[英]check each row and column in dataframe and replace value with user define function
df=pd.DataFrame({'0':["qwa-abc","abd-xyz","abt-Rac","xyz-0vc"],'1':['axc-0aa',"abd-xyz","abt-Rac","xyz-1avc"],
'3':['abc-aaa',"NaN","abt-9ac","xyz-9vc"]})
I have this DataFrame, I want to check each row and each column for a specific value.我有这个 DataFrame,我想检查每一行和每一列的特定值。 for example index 0 there are 4 values "qwa-abc","abd-xyz","abt-Rac","xyz-0avc".
例如索引 0 有 4 个值“qwa-abc”、“abd-xyz”、“abt-Rac”、“xyz-0avc”。
for every value I want to check if xxx- any number xx.对于我要检查的每个值是否为 xxx-任何数字xx。
example:例子:
qua-abc has a at the position 4, so do nothing. qua-abc 在 position 4 上有一个,所以什么也不做。 when it reach to xyz- 0 ac there is number 0 at position 4. hence it should run user define function to replace whole value(xyz-0vc) to whatever the user define function get.
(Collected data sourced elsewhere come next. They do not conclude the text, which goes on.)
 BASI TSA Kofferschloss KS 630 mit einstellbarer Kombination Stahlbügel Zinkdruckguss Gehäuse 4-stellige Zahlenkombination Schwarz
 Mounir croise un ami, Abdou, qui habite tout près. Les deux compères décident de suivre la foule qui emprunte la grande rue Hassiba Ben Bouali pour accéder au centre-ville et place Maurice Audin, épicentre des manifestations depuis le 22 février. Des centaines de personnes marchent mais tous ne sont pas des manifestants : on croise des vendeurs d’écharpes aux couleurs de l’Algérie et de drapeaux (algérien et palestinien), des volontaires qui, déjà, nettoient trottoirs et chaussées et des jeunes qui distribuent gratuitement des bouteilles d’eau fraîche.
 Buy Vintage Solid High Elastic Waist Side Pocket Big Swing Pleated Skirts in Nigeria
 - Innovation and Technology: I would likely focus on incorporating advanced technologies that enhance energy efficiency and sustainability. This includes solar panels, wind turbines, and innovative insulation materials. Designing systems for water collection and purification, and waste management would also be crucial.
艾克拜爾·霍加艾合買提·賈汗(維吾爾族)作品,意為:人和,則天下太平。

当它到达 xyz- 0 ac 时,在 position 4 处有数字 0。因此它应该运行用户定义 function 以将整个值(xyz-0vc)替换为用户定义的任何值 ZC1C425268E683895D1AB45
NOTE: I tried running str.replace but it only supports specific user define string.注意:我尝试运行 str.replace 但它只支持特定的用户定义字符串。 here user function will connect to different system and get a string.
这里用户 function 将连接到不同的系统并获得一个字符串。 hence it's not predefine .
因此它不是预定义的。
If you want to change all the cells in your Dataframe you need to use pd.apply
over the row axis, so your custom function needs to take a pd.Series
as one of the parameters.如果要更改 Dataframe 中的所有单元格,则需要在行轴上使用
pd.apply
,因此您的自定义 function 需要将pd.Series
作为参数之一。 In this example row is the series.在此示例中,行是系列。
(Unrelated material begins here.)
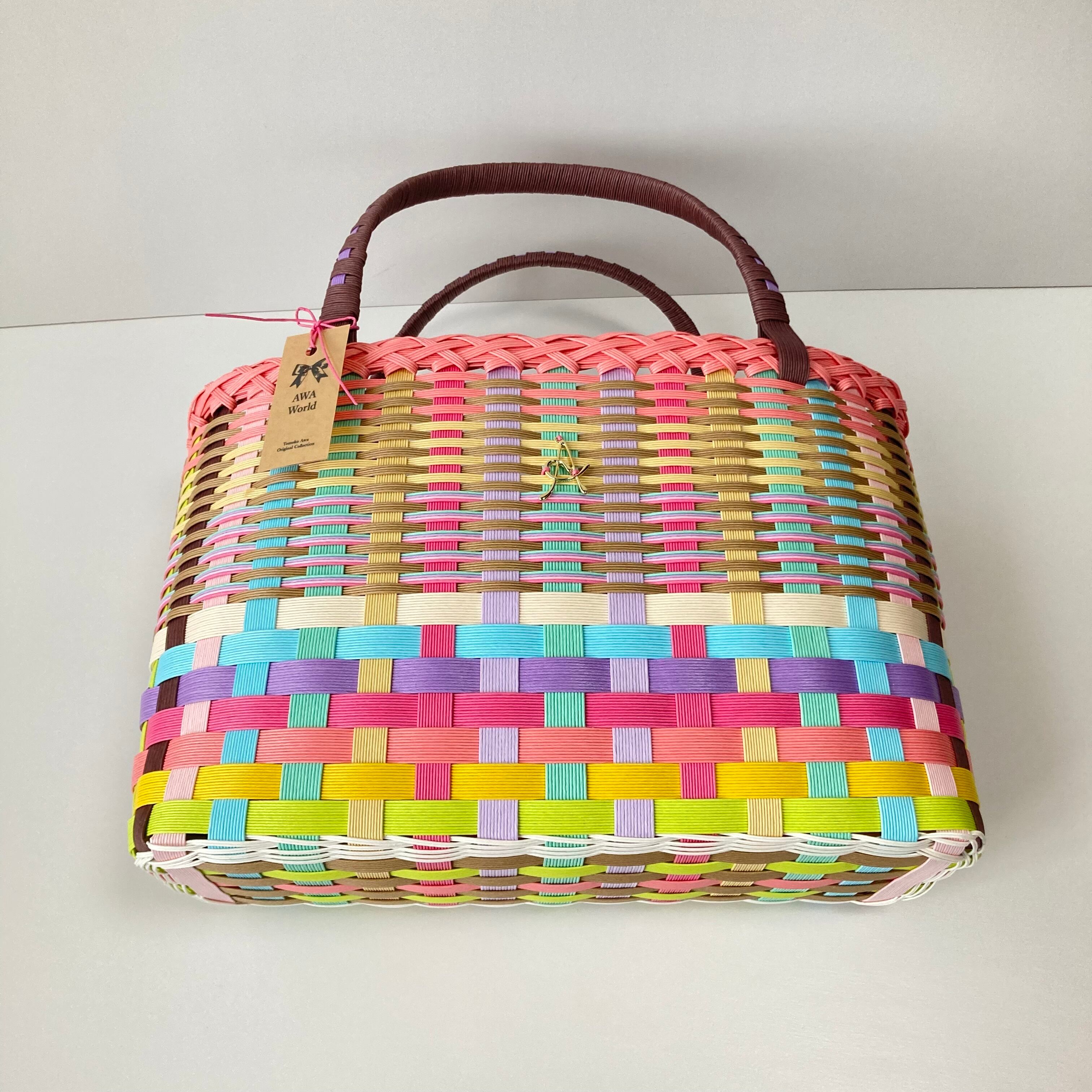 クラフトバンドで作成したカラフルで軽くて使いやすい大きさのカゴバッグです。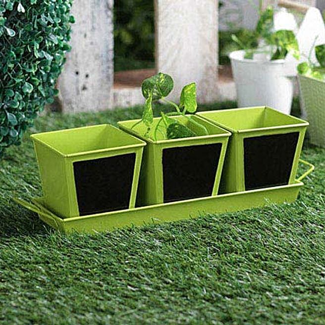 Green Chalk Board Herb Planter Trio

This generator function iterates over each cell in the row, checks if the character at index 4 is numeric.此生成器 function 迭代行中的每个单元格,检查索引 4 处的字符是否为数字。 If true returns the value to replace string with, otherwise it will return the value of the cell itself.
如果 true 返回替换字符串的值,否则将返回单元格本身的值。
def replace_value(row, value):
for cell in row:
if pd.notna(cell) and cell[4].isnumeric():
yield value
else:
yield cell
df.apply(lambda x: pd.Series(replace_value(x, 'myvalue')), axis=1)
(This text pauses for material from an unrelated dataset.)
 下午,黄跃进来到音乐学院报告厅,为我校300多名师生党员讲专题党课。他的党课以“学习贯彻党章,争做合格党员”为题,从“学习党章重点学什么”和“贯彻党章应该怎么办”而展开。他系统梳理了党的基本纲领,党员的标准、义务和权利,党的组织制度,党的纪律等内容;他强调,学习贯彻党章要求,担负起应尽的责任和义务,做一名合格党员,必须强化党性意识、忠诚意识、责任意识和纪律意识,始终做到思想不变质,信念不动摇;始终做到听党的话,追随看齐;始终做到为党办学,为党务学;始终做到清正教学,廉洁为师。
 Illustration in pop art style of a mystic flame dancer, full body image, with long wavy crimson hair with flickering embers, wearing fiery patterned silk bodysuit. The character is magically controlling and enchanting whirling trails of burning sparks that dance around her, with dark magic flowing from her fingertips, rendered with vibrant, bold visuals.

You then apply your custom function row wise, ( axis=1
) and wrap it in a lambda so you can pass additional arguments ( value
in this case) and then call pd.Series
on the iterator
returned by the function. You then apply your custom function row wise, (
axis=1
) and wrap it in a lambda so you can pass additional arguments ( value
in this case) and then call pd.Series
on the iterator
returned by the function.
Hope it makes sense.希望这是有道理的。
You don't need a separate method, try this:您不需要单独的方法,试试这个:
In [1200]: df.loc[df['0'].str[4].str.isdigit(), '0'] = 'myvalue'
In [1201]: df
Out[1201]:
0 1 3
0 qwa-abc axc-0aa abc-aaa
1 abd-xyz abd-xyz NaN
2 abt-Rac abt-Rac abt-9ac
3 myvalue xyz-1avc xyz-9vc
In [1242]: def check_digit(cols,new_val):
...: for i in cols:
...: df.loc[(df[i].str[4].str.isdigit()) & (df[i].notna()), i] = new_val
...:
In [1243]: df.apply(lambda x: check_digit(df.columns, 'myval'), 1)
In [1244]: df
Out[1244]:
0 1 3
0 qwa-abc myval abc-aaa
1 abd-xyz abd-xyz NaN
2 abt-Rac abt-Rac myval
3 myval myval myval
This answer is based on @NomadMonad这个答案基于@NomadMonad
string_replacer() is a function that will change value based on input value that satisfies condition string_replacer() 是一个 function 将根据满足条件的输入值更改值
def replace_value(row, value): for cell in row: try: if pd.notna(cell) and cell[4].isnumeric(): value=string_replacer(cell) yield value else: yield cell except: print(row,value) if_df.apply(lambda x: pd.Series(replace_value(x,value)), axis=1)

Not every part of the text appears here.